Page 12 of Silver Wings


  At the bottom of the pile she found a little worn Bible with limp black covers and the name “John Dunleith” and “Edinburgh University” with a recent date below. She opened her eyes wider and turned the leaves with deeper interest. Had the young man been to a foreign university? Curious his aunt had not mentioned it. But then, he was a silent fellow. Perhaps she did not know it, as she had owned that she had seen very little of him since he was sixteen. Well, that accounted for his general air of culture and refinement.

  She felt a curious triumph in finding him out as a student, since Barry had tried to discount him. She felt a deeper interest in the young man.

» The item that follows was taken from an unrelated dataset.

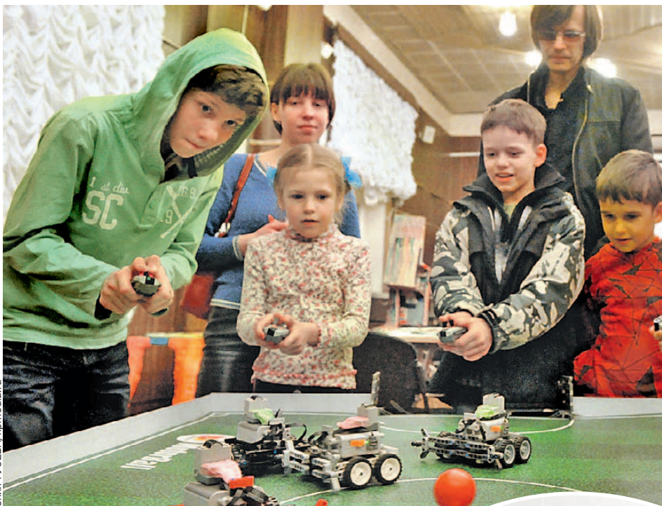
Вовсе это не игрушки - это радиоуправляемые, запрограммированные «танкоботы»! Как тебе такое, Илон Маск?

Если для ребенка имени Анны Нетребко и Ильдара Абдразакова не пустой звук, значит, с юных лет он влюблен в оперу. И, кто знает, возможно, мечтает однажды выйти на сцену Большого театра или Метрополитен-опера. Нет ничего недостижимого. При Детском музыкальном театре имени Натальи Сац работает оперная студия. Обучают истории театра, сценическому движению и танцу, актерскому мастерству, вокалу и музыкальной грамоте. Не в сухой теории, а на практике. Тут же знакомят с работой цехов, учат вживаться в образ и работать на сцене. Результат можно увидеть в десятке с лишним спектаклей, в которых заняты ребята - от знаменитых «Синей птицы» и «Щелкунчика» до «Мадам Баттерфляй» и «Кармен». Вышедший пару лет назад мюзикл «Приключения Оливера Твиста» и вовсе поставлен был на студийцев - они там главные звезды. Учат бесплатно, зачисляются по итогам прослушивания. Спрашива-

  She turned the pages and found bits of paper marking certain chapters, with the references written on the paper, and idly she glanced at them, but they meant little or nothing to her and she soon threw down the books and began to dress for the evening, this time donning a filmy turquoise chiffon. She resolved more than ever that she would not be ignored. She would win that man from his strange reticence. He was probably surrounded by a wall of reserve, and she must find a way to break through and bewitch him. She had never failed before when she had really tried, and of course she was not going to fail now. So she threw a string of gleaming crystals over her head and hurried down with a lovely bloom upon her cheeks and an uplifted dreamy look in her turquoise eyes. She stopped at Amory’s door on her way down and left the Bible, and Amory could not help admiring her loveliness. Could she have misjudged her? How lovely she was in that blue frock! It did not seem possible that she could be so false. But why had she wanted the Bible?

  Amory had not been called down to tea on the terrace, much to her own relief, for she did not feel in the mood for small talk and filling in. Neither, she observed, was the young minister present. Diana held court with Barry and Fred and Clarence, though she cast occasional surreptitious glances toward the garden gate.

  Amory’s tea was brought to her room, and afterward she sat till the long shadows outside had lengthened into twilight, having no urge to turn on her lights and read. She would have liked to go to church again, but the long mile and a half over the dark country road with great high hedges on either hand and only strangers living behind them made her hesitate. Perhaps when she had been here longer and gotten accustomed to the way in daytime, she might venture at night. Or perhaps, sometime when Christine was off duty she might persuade her to accompany her.

  So she sat by her window watching the stars appear one by one, watching the purple mountains fade into velvet darkness, listening to the little sleepy insects and the tree toads down in the woods, and feeling terribly lonely. Perhaps, too, without knowing it, she was watching for the coming of a plane, listening for the hum of a great motor.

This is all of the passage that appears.